- The Washington Times - Monday, November 10, 2008

ANALYSIS/OPINION:

“Mark my words,” Vice President-elect Joe Biden warned last month, “it will not be six months before the world tests Barack Obama like they did John Kennedy.” Among the first countries that will surely attempt to test the new president is Iran.

Tehran is seeking to develop nuclear weapons, and it is a leading supporter of terrorist groups including Hezbollah, Hamas and Palestinian Islamic Jihad. The Obama administration, which takes office Jan. 20, will be run by politicians who take a very soft stance toward Iran - putting them well to the left of many of their liberal Democratic colleagues. Messrs. Obama and Biden (as well as Sen. John Kerry, widely rumored to be under consideration for secretary of state) were among a minority of Democratic senators who opposed a Sept. 26, 2007, amendment that designated the Iranian Revolutionary Guard a terrorist organization. (The Revolutionary Guard is heavily involved in smuggling bombmaking material into Iraq in order to kill and maim American soldiers. It also trains Hamas and Hezbollah terrorists who are targeting Israel.) The nonbinding amendment, which was introduced by Sens. Joe Lieberman of Connecticut and and Jon Kyl of Arizona, passed the Senate 76-22. Democrats including Sen. Hillary Clinton and Majority Leader Harry Reid voted 28-20 in favor of designating the Revolutionary Guard a terrorist organization.

During the Democratic primaries Mr. Obama attacked Mrs. Clinton’s vote in favor of the Lieberman-Kyl Amendment, suggesting that it would be a pretext for a U.S. attack on Iran. Mr. Obama’s claim was false: Sen. Richard Durbin - an ardent dove and Obama supporter - noted at the time that the amendment included language making clear that it would do no such thing.

Since he clinched the Democratic nomination in June, Mr. Obama’s tone has changed markedly. The blame-America-first rhetoric suggesting that President Bush might be spoiling for war with Iran has stopped, and Mr. Obama has said repeatedly that force cannot be ruled out in dealing with the Iranian nuclear threat.

The reality, however, is that neither Mr. Obama (nor for that matter, Republican politicians who speak on the record) favor military action against Iran. Their hope is that sanctions and diplomatic pressure will be enough to persuade Tehran to change its behavior. In recent years, Messrs. Obama, Biden and Kerry have made numerous statements exhorting Mr. Bush to hold talks with the Iranian regime without conditions and suggesting that failure to do so was a colossal blunder.

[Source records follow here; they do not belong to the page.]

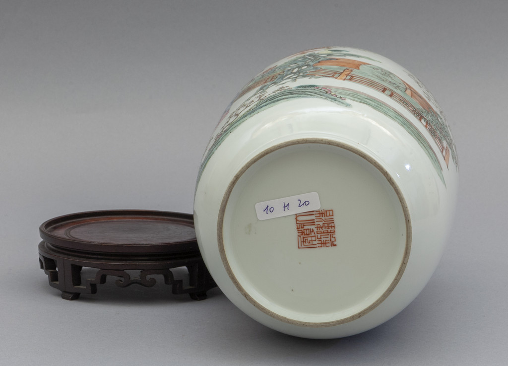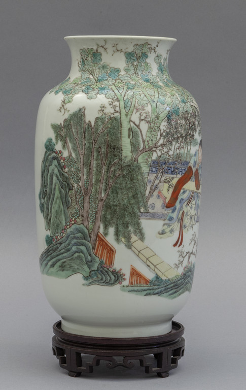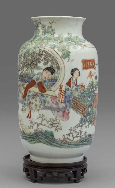 Vaso in porcellana decorato in policromia con figure femminili in un giardino, Cina sec.XX
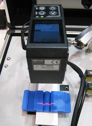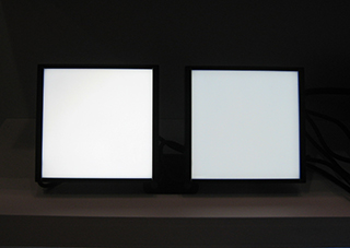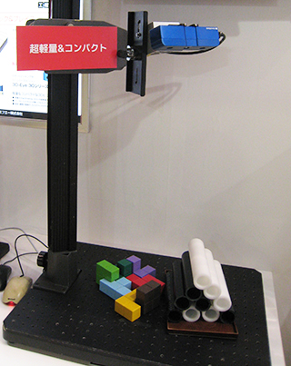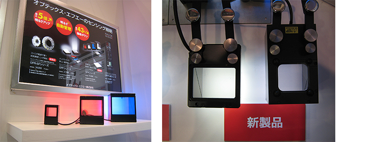 またOPXシリーズの光源として使用されているバックライト照明OPFシリーズも展示。左:狭指向角タイプ、右:拡散タイプ。指向性の狭い照射により余計な反射による光の回り込みを抑え、ワークの輪郭を鮮明に撮像可能です。
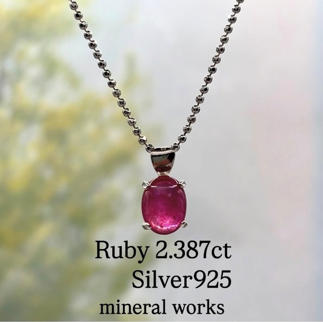 天然ルビー(含侵処理) 2.387ct NGLソーティング付き シルバー925ネックレス 47cm(アジャスター7cm含む) バチカン込長さ約12.4mm 横幅約6.3mm 厚さ約6.5mm 天然ルビーは内包物やひびが多く ガラス成分を含ませることで美しさを引き出す 含浸処理を施す事があります 見た目は天然の高価なルビーに近づけられますが、価格は非常にお手頃で気軽に楽しんでいただけるのが魅力です iPhoneを使用し 撮影しています

The nation most in Tehran’s crosshairs has a very different perspective. Israeli Foreign Minister and Kadima Party Chairman Tzipi Livni is a moderate dove who expressed concern last week about Mr. Obama’s stated readiness to talk with Iran. Alluding to Iran’s role in sponsoring terrorism and President Mahmoud Ahmadinejad’s repeated calls for the destruction of Israel, Mrs. Livni almost sounded like hawkish Likud Party leader Benjamin Netanyahu, saying that Mr. Obama’s call for “dialogue” with Iran “is liable to be interpreted as weakness.” Asked if she favored dialogue with Iran, Mrs. Livni replied: “The answer is no.”

As Americans were choosing Mr. Obama to become the next president, Tehran’s terrorist proxies were sending their own message to Washington by firing 35 missiles into southern Israel. If Iran is prepared to act this way without nuclear weapons, what will it do if it obtains them? Look for Mr. Ahmadinejad and Ayatollah Ali Khamenei to begin testing Mr. Obama and his national-security team in earnest well before Inauguration Day.